The Ivy Chronicles

Note: À ma connaissance, ce livre n'a pas été traduit en français.

L'ouvrage:
Ivy Ames est mariée et a deux filles. Elle fait un travail qu'elle n'aime pas, mais il lui permet de mener grand train de vie.
Un jour, l'un de ses collègues fait en sorte de prouver qu'on pourrait bien se passer d'elle, et Ivy se retrouve licenciée. Effondrée, elle rentre chez elle pour trouver son mari dans la baignoire avec Sassie, la femme du collègue traître. C'en est trop!
Ivy va devoir repartir de zéro.

Critique:
Au début, j'avais un peu peur que ce livre soit une insipide comédie sentimentale. Heureusement, malgré quelques aspects du genre, il a davantage de profondeur. Tout ce petit monde que nous décrit Ivy paraît terriblement artificiel. En effet, elle quitte un travail pour un autre où le faux-semblant, la poudre aux yeux, et les apparences sont rois. Les vraies valeurs sont prônées, mais elles sont, en fait, allègrement piétinées par tous. Tipper en est la plus belle illustration. Ivy elle-même doit composer avec ce qu'elle pense être bien et l'intérêt de ses clients.
Le principe même du nouveau travail d'Ivy est aberrant. Je ne pensais pas qu'on pouvait, dès le jardin d'enfants, courir après la meilleure école, et planifier ainsi la vie de son enfant... c'est vertigineux! C'est également écoeurant. Pourtant, je sais que Karen Quinn n'exagère pas, qu'elle dépeint la réalité d'un certain milieu. C'est en cela que ce livre, d'apparence légère, me semble plus creusé que les comédies auxquelles il ressemble un peu.
Quant aux clients d'Ivy, si certains sont un peu caricaturaux (comme Stu ou Omar), ils sont crédibles.

Si des événements sont quelque peu attendus, rien n'est gros ou mal amené.
Sassie est la «méchante» sans vraiment d'épaisseur. On attend bien sûr qu'elle soit anéantie sur place par des foudres vengeresses, après ce qu'elle fait à Ivy. La manière dont les choses finissent pour elle est inattendue, mais crédible. Et c'est moins cliché que si elle avait eu un retour de bâton plus classique ou trop extravagant.
Tout au long du roman, il y a quelques rebondissements qui conduisent à des choses un peu attendues, mais la façon de faire est assez à propos.

Ivy est intéressante parce qu'elle ne réagit pas comme le ferait une de ces petites dindes subitement privée de sa fortune. Il y a des moments où elle leur ressemble, surtout quand elle fait le compte de tout ce qu'elle dépense et de tout ce à quoi elle doit renoncer. Cependant, la manière dont elle fait face à son licenciement est crédible. Elle veut retrouver son train de vie d'antan, mais se comporte de manière responsable.
Quant aux hommes qui jalonnent sa nouvelle vie, là encore, j'ai été agréablement surprise, car si je m'attendais à certaines choses, la façon dont elles sont exposées fait qu'elles passent bien. Cela donne lieu à des scènes cocasses, comme celle de l'adolescent au portable, ou celle (teintée d'émotion) où Ivy se retrouve chantant, les pieds dans le plat de poisson de madame Gardoski.

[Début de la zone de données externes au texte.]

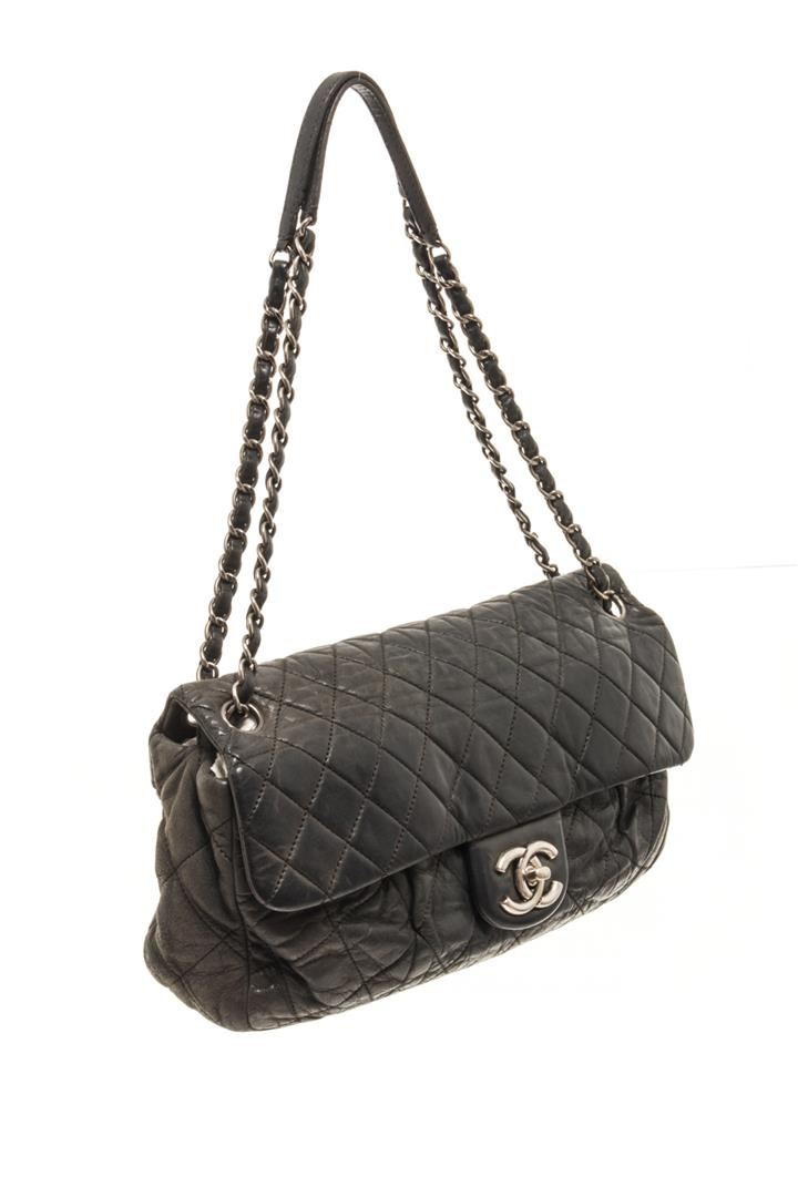 One Chanel Black Leather Accordian Flap Bag. Item is sold AS-IS. All available information is listed in the description and shown in the photo. Chanel Black Leather Accordian Flap Bag

L'auteur évite un écueil: celui de la meilleure amie traîtresse. Je n'ai pas franchement aimé Faith, mais c'est un personnage passe-partout. Elle joue assez bien son rôle de meilleure amie. À un moment, elle m'a fait rire en se plaignant des inconvénients qu'apportent sa grande richesse... À part ça, je l'ai trouvée un peu fade. Rien ne fait qu'elle se démarque.

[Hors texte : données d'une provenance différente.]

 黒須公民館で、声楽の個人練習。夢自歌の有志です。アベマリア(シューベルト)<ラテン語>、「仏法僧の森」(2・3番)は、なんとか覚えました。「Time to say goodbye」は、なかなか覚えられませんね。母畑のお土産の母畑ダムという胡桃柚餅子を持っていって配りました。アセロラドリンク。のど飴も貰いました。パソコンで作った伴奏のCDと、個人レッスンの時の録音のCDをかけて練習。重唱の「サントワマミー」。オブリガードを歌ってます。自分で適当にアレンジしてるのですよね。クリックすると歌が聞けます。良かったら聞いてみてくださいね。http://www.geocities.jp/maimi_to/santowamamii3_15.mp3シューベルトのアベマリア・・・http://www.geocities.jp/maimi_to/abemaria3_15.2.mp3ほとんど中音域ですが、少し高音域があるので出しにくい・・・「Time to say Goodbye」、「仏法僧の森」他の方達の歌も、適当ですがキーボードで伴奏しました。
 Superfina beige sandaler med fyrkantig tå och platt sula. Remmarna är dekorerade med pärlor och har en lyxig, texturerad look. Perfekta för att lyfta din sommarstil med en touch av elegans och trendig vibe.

Il y a quand même certains passages qui rappellent ces comédies dont je me défie. Je citerai entre autre ce qui se passe lorsqu'Ivy envoie sa candidature à un jeu de télé réalité (ce qui arrive est d'ailleurs bien plus amusant et inattendu que si elle avait été retenue), la façon dont Ivy est quelque peu vengée de ceux qui l'ont bafouée au travail, ce qui se passe lorsqu'Ivy découvre l'adultère, l'épisode George Clooney, et les cheveux teints de Stu.

Ivy et d'autres personnages évoluent, tirent certaines leçons de leurs expériences, deviennent plus responsables.
Ce livre est sympathique, il allie subtilement gravité et légèreté, et dépeint avec justesse un monde où il est parfois dur de rester intègre.

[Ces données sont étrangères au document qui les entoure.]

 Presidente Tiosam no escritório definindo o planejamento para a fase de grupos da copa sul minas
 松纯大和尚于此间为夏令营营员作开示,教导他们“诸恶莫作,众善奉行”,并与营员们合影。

La version audio que j'ai entendue a été enregistrée par Julia Gibson pour les éditions Recorded Books.
Outre le fait que j'adore le naturel et la voix de Julia Gibson, j'ai bien ri quant à la voix qu'elle prend pour le personnage de Wendy. Par son jeu, elle renforce l'impression que je me fais des personnages. C'est une comédienne de grand talent.